Ask HN: Can you use AI/ML to match software engineering resumes with jobs? - pradeep_m
There are quite a few startups that purport to match candidates with jobs based on their resumes?(Linkedin, Hired, etc). None of them seem to work very well.<p>The current state of the hiring process is to have recruiters curate the set of resumes that have applied for a job and then have the candidates go through an interview process (typically 1-2 phone screens + 4-5 onsite interviews). Most companies in the bay area have about a 5% conversion rate (Phone screen to offer).<p>Do you believe there is some latent information at the top of the funnel that can be added to make hiring more efficient? Can we increase the conversion rate beyond 5%?<p>Can the resume screening process by a recruiter be automated? If not, why not? It can be argued that we can build algorithms that remove bias and have a better conversion rate than 5%.
======
bsvalley
This is just the tip of the iceberg my friend :) the small conversion rate is
mostly due to a broken interview process, not a wrong matching mechanism.
Nowadays you'll often end up with this kind of emails after spending weeks
interviewing for a job:

"Unfortunately, we think you're not a perfect match for this position,
blabla..."

You are a perfect match because you're applying for something you do everyday
at a different company. You might also have an impressive github page or even
products of your own out in the wild. Problem, you couldn't crack a leetcode-
like stupid problem on a whiteboard during a 30min timeframe. So they think
you're not qualified for a Frontend dev or mobile or backend job. Again, you
have years of experience in the domain and a huge track record.
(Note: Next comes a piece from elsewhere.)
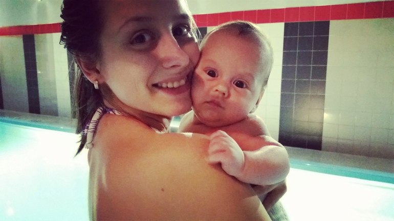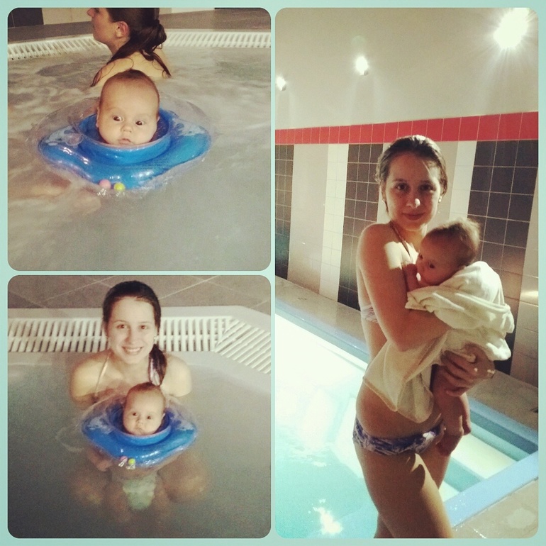 9. Ходили недавно в Баню, на минутку его занесла в парилку; в хаммаме 3 минуты были, а все остальное время плавали в джакузи с девочками))) Итого: 4 часа спокойствия и 1 раз захныкал в конце..устал)

One single algorithm problem on a whiteboard is all they need to make a
decision nowadays. The evaluation process is completely broken. Does it mean
we all know how to build products and the goal is to actually separate the
best from the very best? Well, if I'm fresh out of college, I should crack
your leetcode problem in a minute because that's exactly what I've done for
the last few months getting ready for my final CS exam. If I'm a lead engineer
who deals with complex architecture and people problems everyday at work while
building products for the world, I am miles away from school. Reading the job
description they're looking for a lead web engineer. Going throught their
interview process, %90 of the evaluation revolves around writting pseudo code
on a whiteboard for hours. Talking about trees and linkedlists. Do you see the
problem? They are looking for an experienced engineer with a huge track
record, but they use college stuff to evaluate their candidates. If you're
fresh out of school you could crack the interview but you're not even
qualified and vice versa. That is the broken piece.

I think companies are moving towards eliminating the Resume. All they need is
to find someone who can crack a stupid question, typically what google did
when they first started hiring a lot of people in early 2000. Today, everyone
is going back to the same process of hiring "generalists" whatever the heck
that means. We need to stop that to improve your conversion rate.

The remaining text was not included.